» **AIM OF THE EXERCISE**: Write out the entire listing below exactly, with the pictures left out.

» **SUPPLIED DATA**:
BEGIN

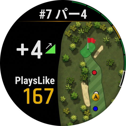 ■PlaysLike距離(打つべき推奨距離)※1コースの高低差を考慮して、打つべき推奨距離を表示。状況に応じたクラブ選択の判断をサポートします。
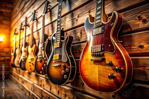 Naklejka premium Vintage Electric Guitars on Rustic Wooden Wall, Warm Lighting - Stock Photo
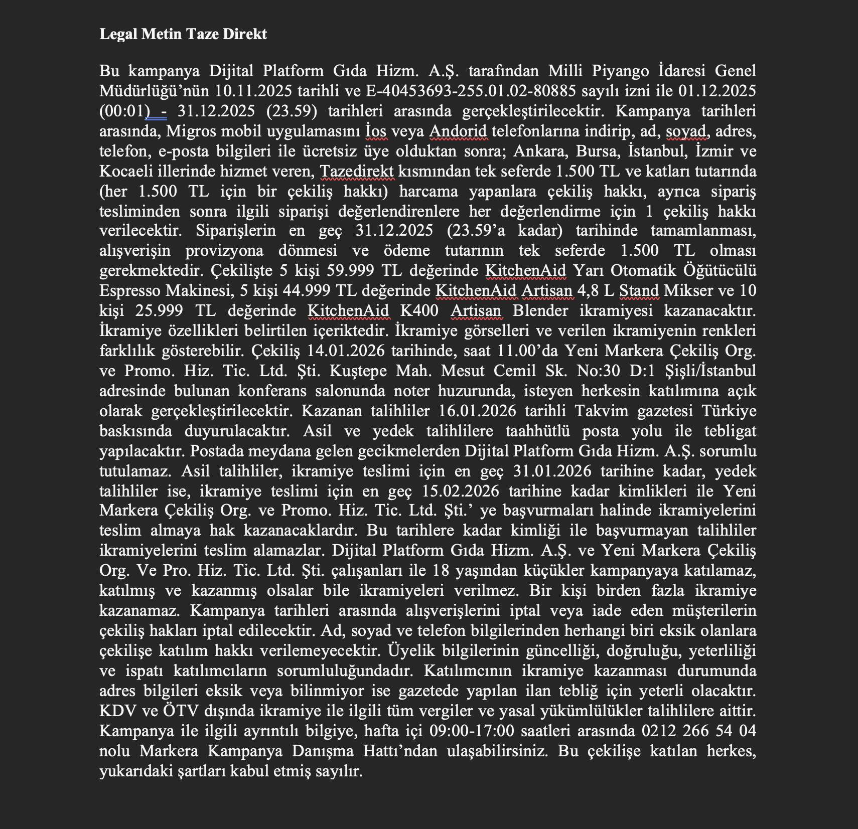 Tazedirekt'ten Büyük Yılbaşı Çekilişi (01.12.2025-31.12.2025)

END

» **SOLUTION FOR THIS TASK**:
 ■PlaysLike距離(打つべき推奨距離)※1コースの高低差を考慮して、打つべき推奨距離を表示。状況に応じたクラブ選択の判断をサポートします。
 Naklejka premium Vintage Electric Guitars on Rustic Wooden Wall, Warm Lighting - Stock Photo
 Tazedirekt'ten Büyük Yılbaşı Çekilişi (01.12.2025-31.12.2025)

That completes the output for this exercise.